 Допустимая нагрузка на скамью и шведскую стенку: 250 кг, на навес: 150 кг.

==

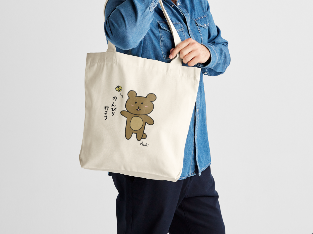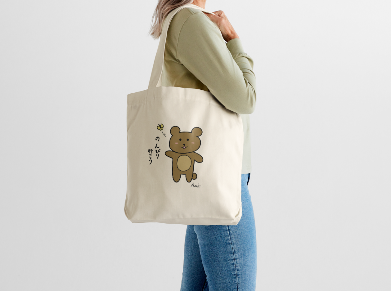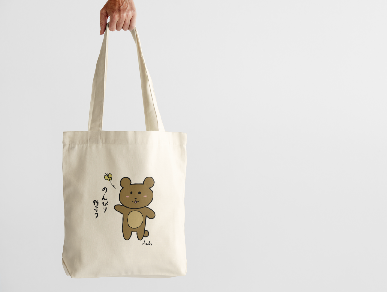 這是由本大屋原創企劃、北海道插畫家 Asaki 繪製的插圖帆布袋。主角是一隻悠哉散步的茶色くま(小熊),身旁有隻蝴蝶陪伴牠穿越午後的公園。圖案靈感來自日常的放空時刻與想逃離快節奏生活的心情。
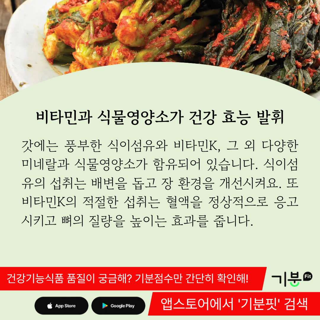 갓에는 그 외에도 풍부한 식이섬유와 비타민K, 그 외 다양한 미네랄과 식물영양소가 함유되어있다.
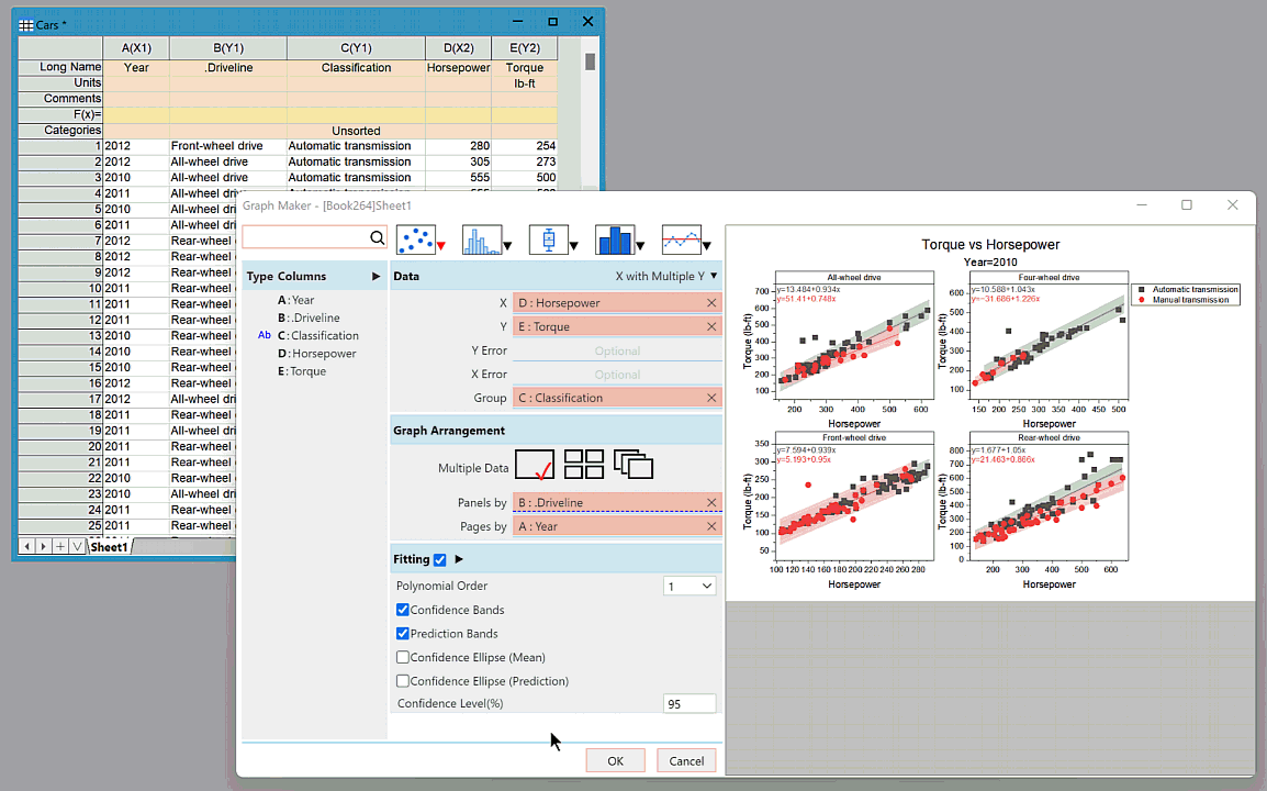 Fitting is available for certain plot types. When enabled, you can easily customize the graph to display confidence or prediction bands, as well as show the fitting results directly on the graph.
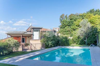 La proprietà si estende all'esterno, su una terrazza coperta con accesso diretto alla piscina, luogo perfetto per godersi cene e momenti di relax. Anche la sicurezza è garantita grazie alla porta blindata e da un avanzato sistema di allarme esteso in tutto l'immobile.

What is needed →
In the listing above, find the line containing "Fitting is available" and the line containing "La proprietà si", then output those two lines and everything between them exactly as written, without the images.

Answer section →
 Fitting is available for certain plot types. When enabled, you can easily customize the graph to display confidence or prediction bands, as well as show the fitting results directly on the graph.
 La proprietà si estende all'esterno, su una terrazza coperta con accesso diretto alla piscina, luogo perfetto per godersi cene e momenti di relax. Anche la sicurezza è garantita grazie alla porta blindata e da un avanzato sistema di allarme esteso in tutto l'immobile.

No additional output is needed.